Так как, говоря это, Альберт оживлялся все больше и больше, а лицо дяди делалось все мрачнее, аббат, хотя в нем и было задето любопытство, попробовал было переменить разговор. Но мое любопытство было слишком сильно.
«Что вы хотите сказать этим, Альберт? — воскликнула я, подходя к нему.
«Я хочу сказать то, что каждый из рода Подебрадов должен был бы знать, — ответил он. — Я хочу сказать, что на старом дубе скалы Ужаса, на который вы ежедневно смотрите из своего окна, Амелия, и под сень которого я советую вам никогда не садиться, не сотворив молитвы, триста лет тому назад висели плоды потяжелее тех высохших желудей, которые теперь почти не растут на нем».
«Это ужасная история, — пробормотал перепуганный капеллан, — не понимаю, кто мог об этом рассказать графу Альберту».

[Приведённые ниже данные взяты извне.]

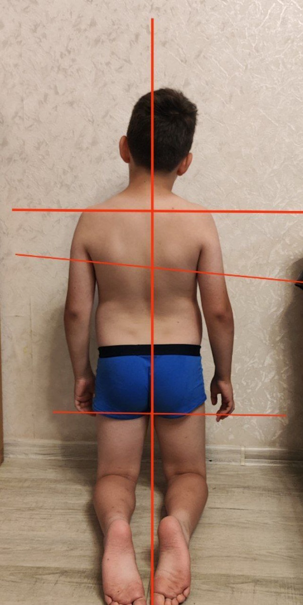 ? Разденьте ребенка до пояса. Поставьте его ровно, руки свободно висят вдоль тела, стопы вместе. Ребенок должен стоять в привычной расслабленной позе. Теперь встаньте сзади и внимательно посмотрите: 🍴 Уши Мы привыкли смотреть на уши спереди или сбоку. А вы посмотрите сзади. Уровень мочек ушей должен быть строго горизонтален. Если одно ухо ниже другого — это признак перекоса в шейном отделе или разной высоты плеч. 🍸Плечи Проведите мысленную горизонтальную линию через плечевые суставы. В идеале плечи на одной высоте. Если одно плечо выше другого — это может говорить о сколиотической дуге или спазме мышц с одной стороны. ➰ Лопатки Посмотрите на внутренние края лопаток (те, что ближе к позвоночнику). Они должны быть симметричны, прилегать к грудной клетке и находиться на одном уровне. Крыловидные лопатки (когда край отстает) или разная высота — повод для беспокойства. 🍽 Треугольники талии Это промежуток между опущенной рукой и талией. Сравните левый и правый треугольники. Если
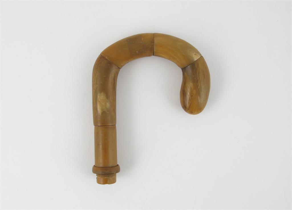 A horn umbrella or cane handle, probably Indian, c.1900, worm damage, 15cm.
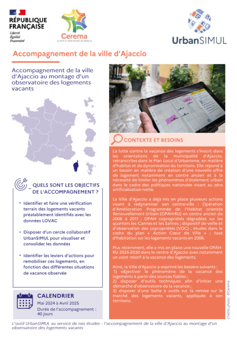 Face aux enjeux d’accès au logement et de revitalisation de son parc existant, la ville d’Ajaccio a engagé une démarche visant à mieux connaître et suivre les logements vacants présents sur son territoire. Pour accompagner cette démarche, la collectivité a mobilisé l’outil UrbanSIMUL avec l’appui du Cerema afin de structurer un observatoire local de la vacance. Cette initiative vise à améliorer la connaissance du phénomène de vacance et à identifier des leviers d’action pour favoriser la remise sur le marché de ces logements.
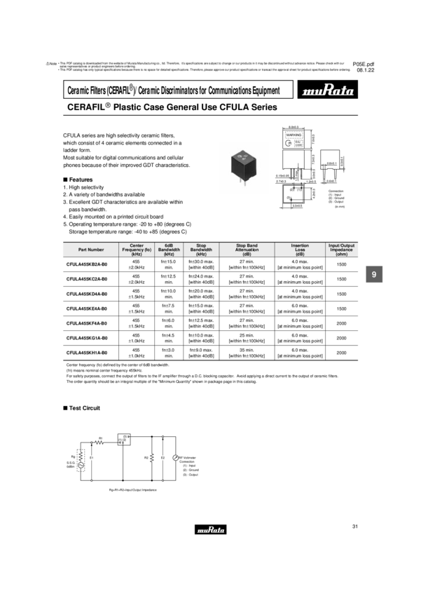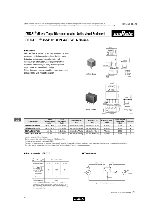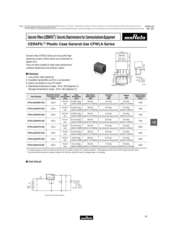 Electromechanical Filter 0.455MHz Freq. <0.5MHz 2000Ohm

«Местное предание, а быть может, нечто еще более достоверное, — ответил Альберт. — Как ни сжигай семейные архивы и исторические документы, господин капеллан, как ни воспитывай детей в неведении минувшего, как ни заставляй молчать простодушных людей с помощью софизмов, а слабых — с помощью угроз, — ни страх пред деспотизмом, ни боязнь ада не могут заглушить тысячи голосов прошлого, они несутся отовсюду. Нет! Нет! Они слишком громки, эти ужасные голоса, чтобы слова священника могли заставить их умолкнуть. Когда мы спим, они говорят нашим душам устами призраков, поднимающихся из могил, дабы предупредить нас; мы слышим эти голоса среди шума природы; они, как некогда голоса богов в священных рощах, исходят даже из древесных стволов, чтобы рассказать нам о преступлениях, о несчастьях и подвигах наших отцов…»
«Зачем, мой бедный мальчик, ты мучаешь себя такими горестными мыслями и роковыми воспоминаниями? — проговорила канонисса.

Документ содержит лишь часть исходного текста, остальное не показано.